These academic exchange programmes were finalised under the patronage of Frédérique Vidal, Minister of Higher Education, Research and Innovation, and his Indian counterpart, Prakash Javadekar, Minister for Human Resource Development, in the context of the Knowledge Summit, the first Franco-Indian Summit for University, scientific and Technology Cooperation.
Held in New Delhi, in the context of President Macron's official visit to India, the bilateral summit was the setting for the signing of a Franco-Indian agreement on the mutual recognition of degrees, and the creation of the Franco-Indian Fund of Education to improve mobility between the two countries. President Macron was accompanied by Paul Friedel, president of IMT Atlantique, Yann Busnel, Head of the Department of Networks, Cybersecurity, and Digital Law, and Gilles Coppin, president of Lab-STICC (a French National Centre for Scientific Research (CNRS) laboratory in the field of information and communication science and technology). Two memoranda of understanding were signed with two prestigious engineering schools, the Indian Institutes of Technology (ITT) of Indore and Madras.
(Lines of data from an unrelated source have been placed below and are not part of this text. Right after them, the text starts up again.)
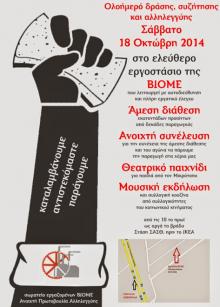 Το Σάββατο στις 18 Οκτωβρίου, μια πολύ σημαντική εκδήλωση θα πραγματοποιηθεί στο εργοστάσιο της ΒΙΟΜΕ. Όλη την ημέρα από τις 10 το πρωί, μέχρι αργά το βράδυ, η αλληλεγγύη θα γεμίσει για μια ακόμη φορά το εργοστάσιο.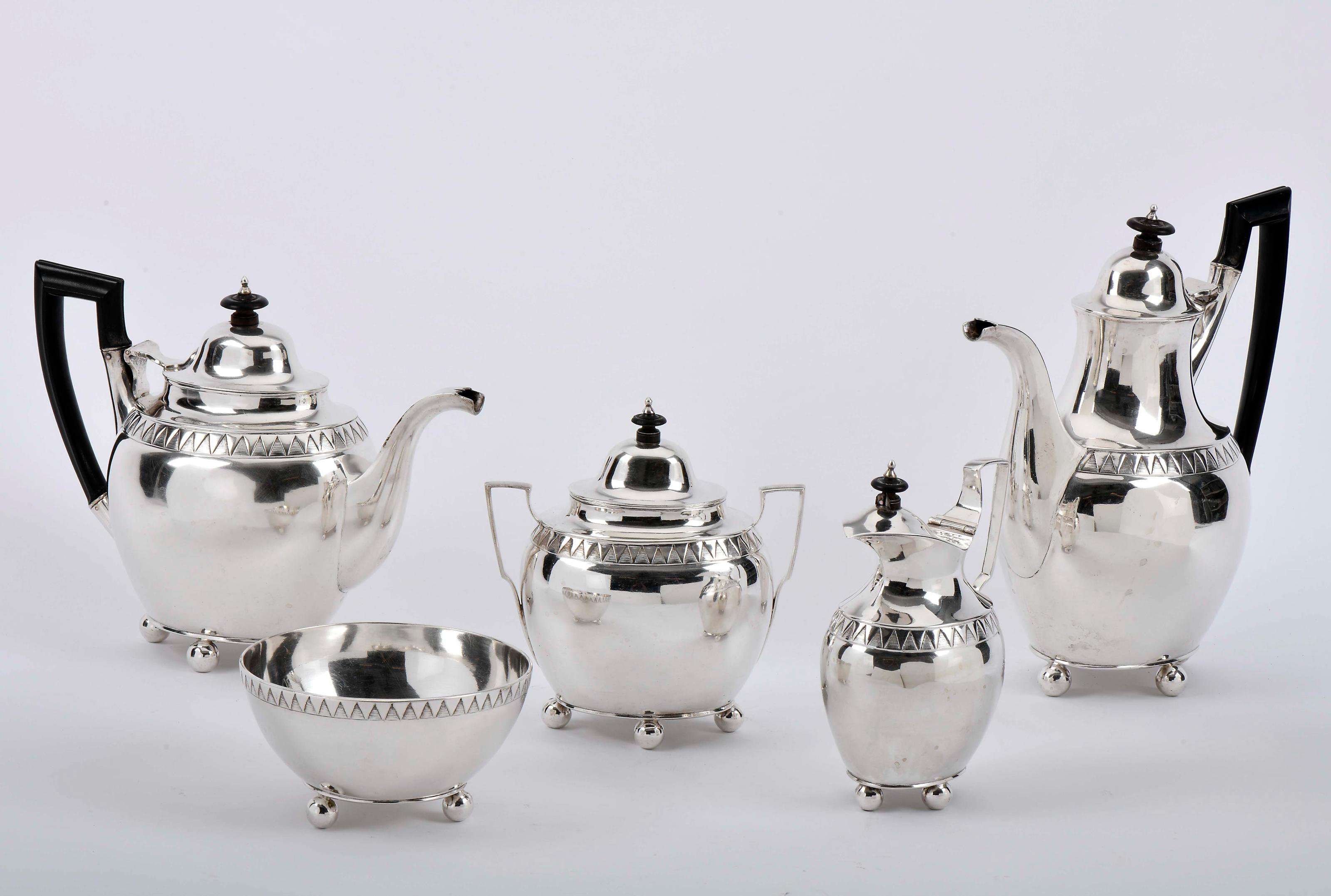 Serviço de chá e de café D. Maria I (1777-1816) prata de 854/1000 frisos relevados "Motivos geométricos", composto por bule, cafeteira, açucareiro, leiteira e taça de pingos, pegas e pomos das tampas em pau-santo Português dois pomos com falta, pequenas amolgadelas marca de ensaiador de Lisboa (1804-1812), marca de ourives atribuível a José Anastácio de Oliveira (1804-1826) Dimensões (altura x comprimento x largura) - (cafeteira) 28,5 cm; Peso - (bruto) 3.753 g. Notas: vd. ALMEIDA, Fernando Moitinho de; CARLOS, Rita - "Inventário de Marcas de Pratas Portuguesas e Brasileiras - Século XV a 1887". Lisboa: IN-CM, 2018, L-37.b e L-408.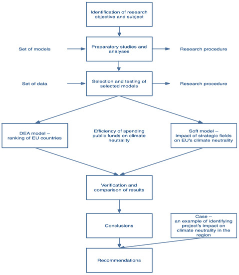 The way the research was designed is presented in the flow chart in Figure 1. On the basis of literature analysis, the research objective and subject were identified. Among the economic and statistical methods, two were selected, which according to the authors gave the best possible results. Next, the theoretical specification of DEA and soft modeling models was elaborated. The next step was to conduct the statistical analysis of the available quantitative data. On the basis of the analyzed data, particular models were tested. As a result of implementing the DEA model, a ranking of European Union countries was developed regarding the efficiency of spending public funds on environmental protection for the effects obtained in the field of climate neutrality objectives. The soft model served to investigate the impact of particular strategic fields on the EU climate neutrality objectives. In the next step, there was a verification and comparison of results. In order to examine the reasons for the detected dependencies and come to more profound conclusions, a case was analyzed, i.e., the impact of particular projects implemented in one Polish region on climate neutrality objectives. The implemented methods served to draw conclusions and define recommendations.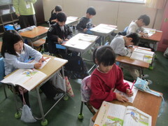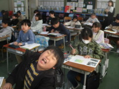 昨日、ALTが急遽お休みになってしまい、いつもはT2(主の先生T1を補佐する立場)で外国語活動の指導に加わっている先生が、T1として重責を務めなければならないという、冷や汗ものの展開が生じたそうです。すると、事情を知ったこどもたちは、いつもの何倍も協力的な態度で授業に臨み、必ずしも堪能ではない英語に悪戦苦闘しているT1を応援してくれたとのこと。その先生は、とても喜んでいらっしゃいました。気が利いてるお助けに感謝!ですね。(画像はなし)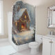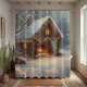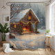 Embrace the joy of the holiday season with our exquisite Cosy Cabin Christmas Shower Curtain. This stunning design captures the quintessential charm of a winter wonderland, depicting a quaint, snow-covered stone cottage adorned with twinkling fairy lights and bright red bows. The highlight is the warm, inviting glow of a crackling fireplace, offering a sense of peace and relaxation that is perfect for any bathroom.

The agreements, signed respectively between IIT Indore and IMT Atlantique, and IIT Madras and IMT Atlantique for Lab-STICC via the CNRS, allow for Indian engineering students to study at IMT Atlantique and IMT Atlantique students to do internships and study in India. These agreements also open the way for staff exchanges and joint teaching modules; researcher, doctoral and post-doctoral student exchanges; and joint research programmes. The agreement with IIT Madras mirrors an agreement between Thales and IIT Madras, also signed during the Knowledge Summit, which allows for theses to be jointly supervised by IMT Atlantique, Lab-STICC and IIT Madras, to be financed by the industrial sector. The first of these theses should be underway by the end of 2018.